# [TASK REQUIREMENTS]
Repeat the records below exactly from the line containing "Light-filled and thoughtfully" to the line containing "vă invită la", taking in both of those lines. Drop the pictures.

# [THE DATA]
=======

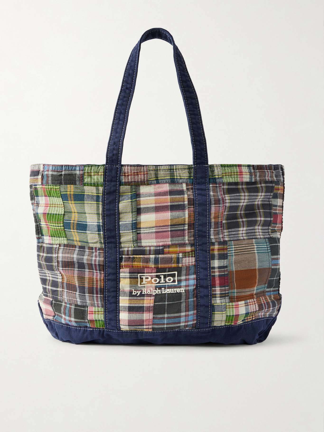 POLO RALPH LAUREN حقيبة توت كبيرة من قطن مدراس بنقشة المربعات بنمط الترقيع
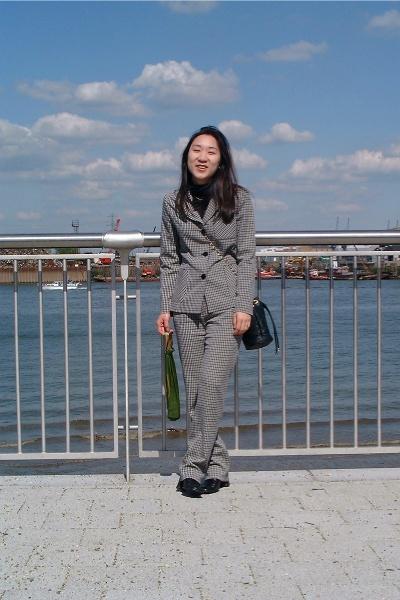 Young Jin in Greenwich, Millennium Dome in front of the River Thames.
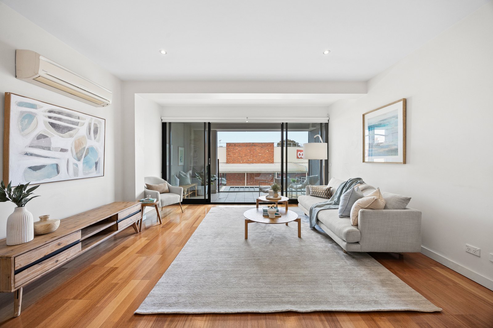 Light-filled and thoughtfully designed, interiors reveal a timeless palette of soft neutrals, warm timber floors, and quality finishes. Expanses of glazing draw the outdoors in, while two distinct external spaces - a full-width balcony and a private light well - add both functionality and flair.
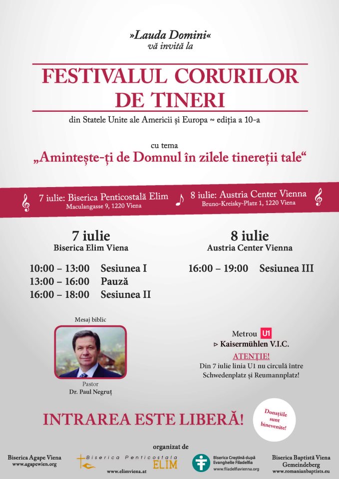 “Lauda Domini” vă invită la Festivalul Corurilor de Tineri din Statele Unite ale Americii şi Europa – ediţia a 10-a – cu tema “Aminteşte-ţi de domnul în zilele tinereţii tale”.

=======

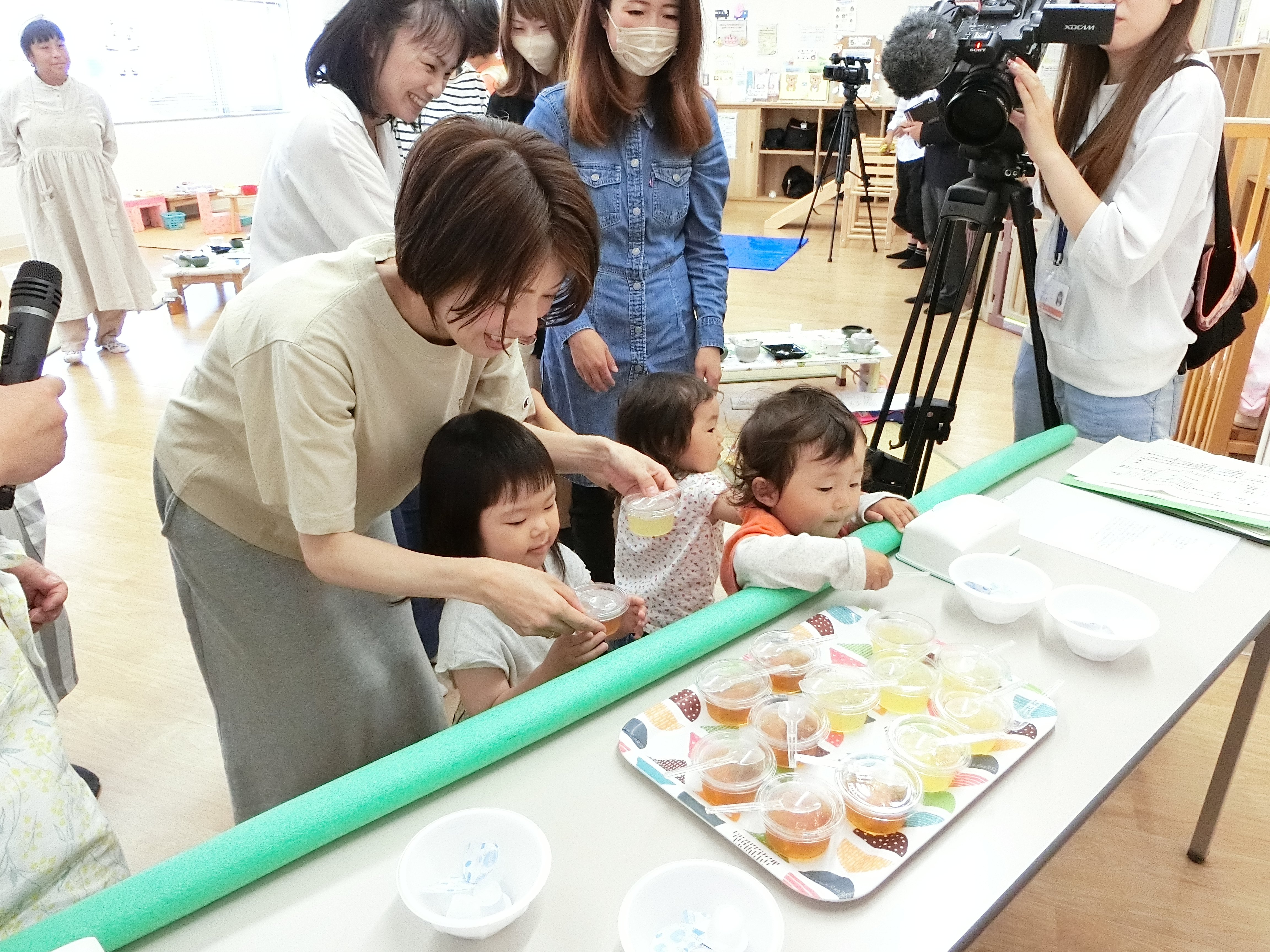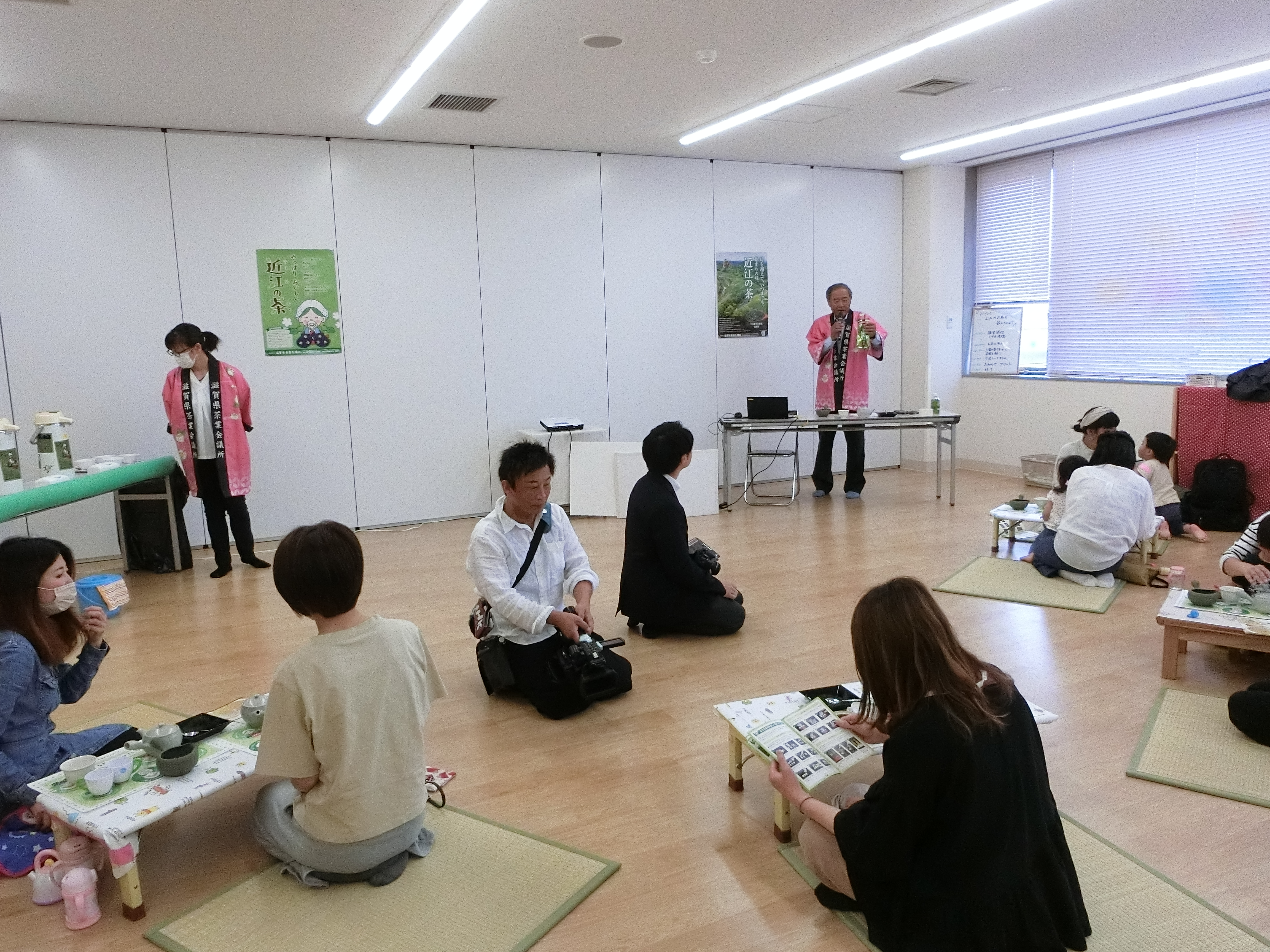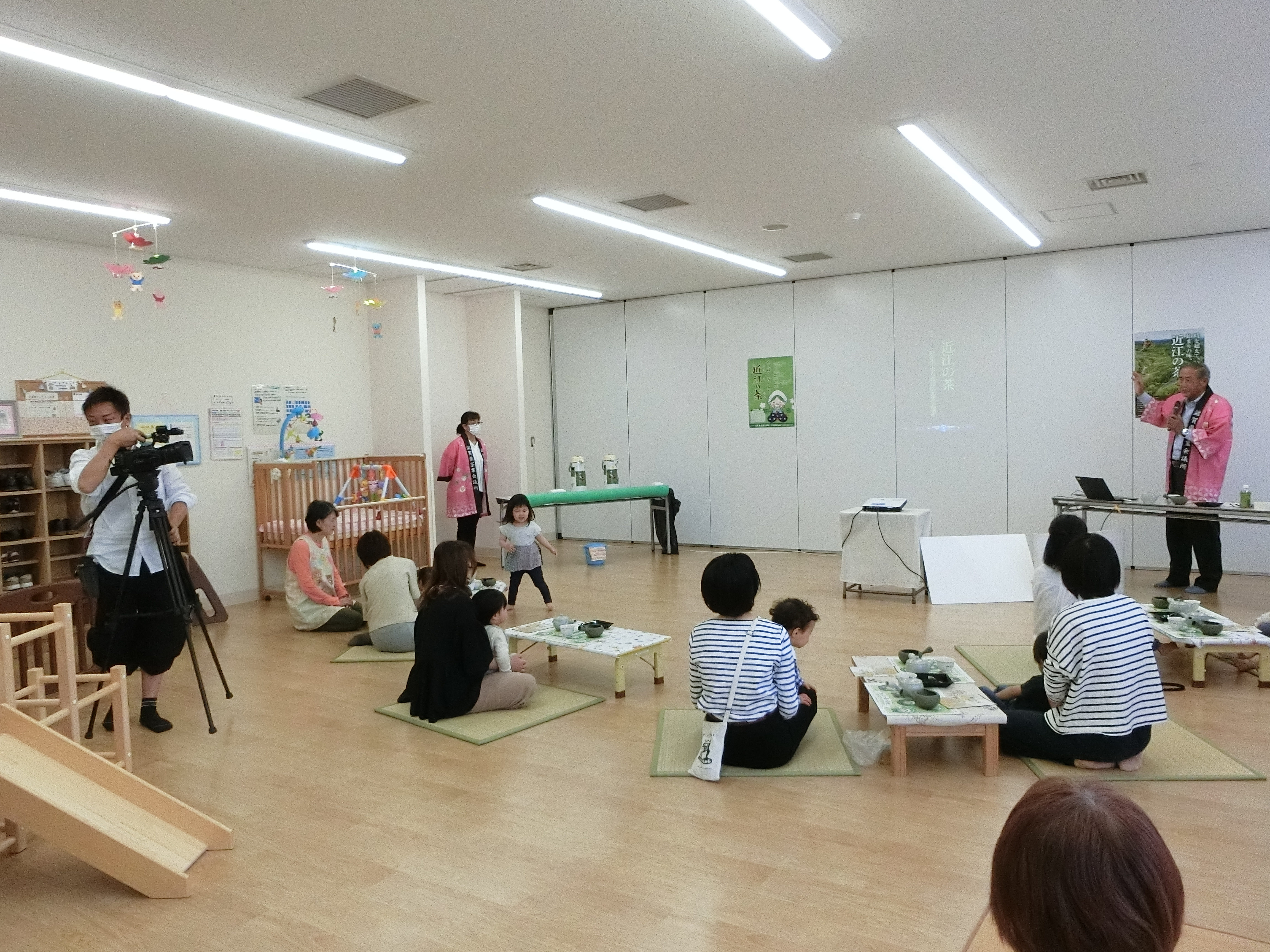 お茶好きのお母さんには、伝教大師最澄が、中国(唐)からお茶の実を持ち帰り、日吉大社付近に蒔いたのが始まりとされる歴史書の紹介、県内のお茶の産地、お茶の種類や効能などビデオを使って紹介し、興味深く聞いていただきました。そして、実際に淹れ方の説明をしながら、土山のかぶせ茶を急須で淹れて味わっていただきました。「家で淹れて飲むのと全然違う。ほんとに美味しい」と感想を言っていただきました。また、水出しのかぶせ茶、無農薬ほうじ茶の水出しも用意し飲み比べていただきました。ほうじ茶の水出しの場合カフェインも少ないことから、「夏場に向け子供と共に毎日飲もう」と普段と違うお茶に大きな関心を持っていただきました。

=======

# [RESULT OF THIS TASK]
 Light-filled and thoughtfully designed, interiors reveal a timeless palette of soft neutrals, warm timber floors, and quality finishes. Expanses of glazing draw the outdoors in, while two distinct external spaces - a full-width balcony and a private light well - add both functionality and flair.
 “Lauda Domini” vă invită la Festivalul Corurilor de Tineri din Statele Unite ale Americii şi Europa – ediţia a 10-a – cu tema “Aminteşte-ţi de domnul în zilele tinereţii tale”.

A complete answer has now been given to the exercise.